States and employers also received federal assistance for extended state unemployment benefits, employee retention credits, small business loans, state and local education funding, state Medicaid matching funds, transit grants and deferred student loan repayments. All told, Congress provided over $4.65 trillion in federal funds to help the nation respond to and recover from the pandemic, leaving few or no sectors of the nation, public or private, without federal support.

Federal Funding on State and Local Activities a Target of DOGE

History shows that relatively small infrastructure improvements such as ramped curb-cuts can benefit a larger audience than the originally intended group. In fact, social scientists have invented a concept called the Curb-Cut Effect, defined as an example of how laws and programs designed to benefit vulnerable groups, such as the disabled or racial minorities, often end up benefiting all.

Nonetheless, fiscal federalism suggests that reducing or eliminating many forms of federal spending at state and local levels could be a fruitful strategy to reduce federal budget deficits. The US federal government today finances such disparate state and local public functions as K-12 education, higher education, housing, environment, urban transit, and high-speed rail, all accompanied by regulations written and enforced by federal administrative agencies.

As a recent Cato Institute report states, “[Federal aid] induces states to spend more on federally subsidized programs than state residents would favor if they directly footed the bill. Since federal aid is perceived as ‘free’ money to state and local officials, they often tend to spend it on low-value activities.”

Just as the federal presence in state and local governmental finances evolved over many decades, however, reversing or modifying these arrangements will undoubtedly take years. If the Elon Musk-Vivek Ramaswamy Department of Government Efficiency (DOGE) can make appropriate recommendations for state and local programmatic and expenditure reductions, perhaps their efforts can establish a longer-term return to traditional fiscal federalism.

Yet any progress will be slow and difficult. Congress and the President must control their spending urges. Americans will have to accept some degree of austerity—perhaps one large TV screen in the family room instead of multiple screens throughout the house—if their state and local taxes increase in order to accommodate reductions in federal spending. Or direct federal spending may be converted to block grants that state and local governments can manage for their own needs. Block grants allow the federal government to control spending while freeing states from one-size-fits-all federal regulations.
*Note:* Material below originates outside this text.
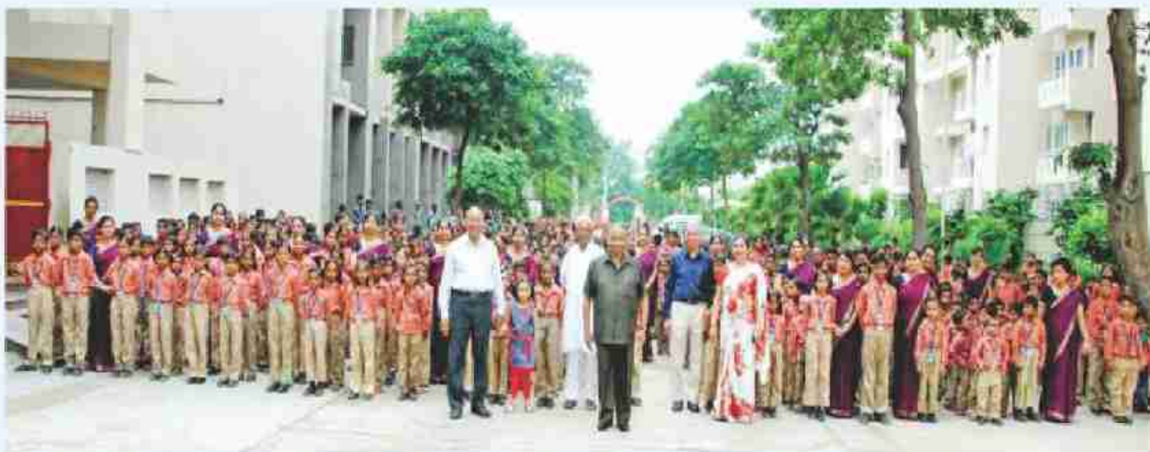
Independence Day Celebrations at Shirdi Sai Baba School, Faridabad

Shirdi Sai Baba Temple Society is a registered non-for-profit, free educational Institute and it aims to have a positive impact on the society. It works towards implementing holistic social development projects related to Education, Women Empowerment, Skill Development, Healthcare, Health & Hygiene (Preventive Health care), and Livelihood.

The longer-term effect of the DOGE effort would ideally represent a reversion to a constitutional form of fiscal federalism in which the federal government focuses on such proper responsibilities as defense and national security, devolving much of its current spending down to lower-level governments. And the country will wait with bated breath to see if DOGE’s list of proposed cuts might include ramped curb-cuts for wheelchairs and baby carriages—though such a cut would fall well short of their aspired $2 trillion total federal expenditure cuts.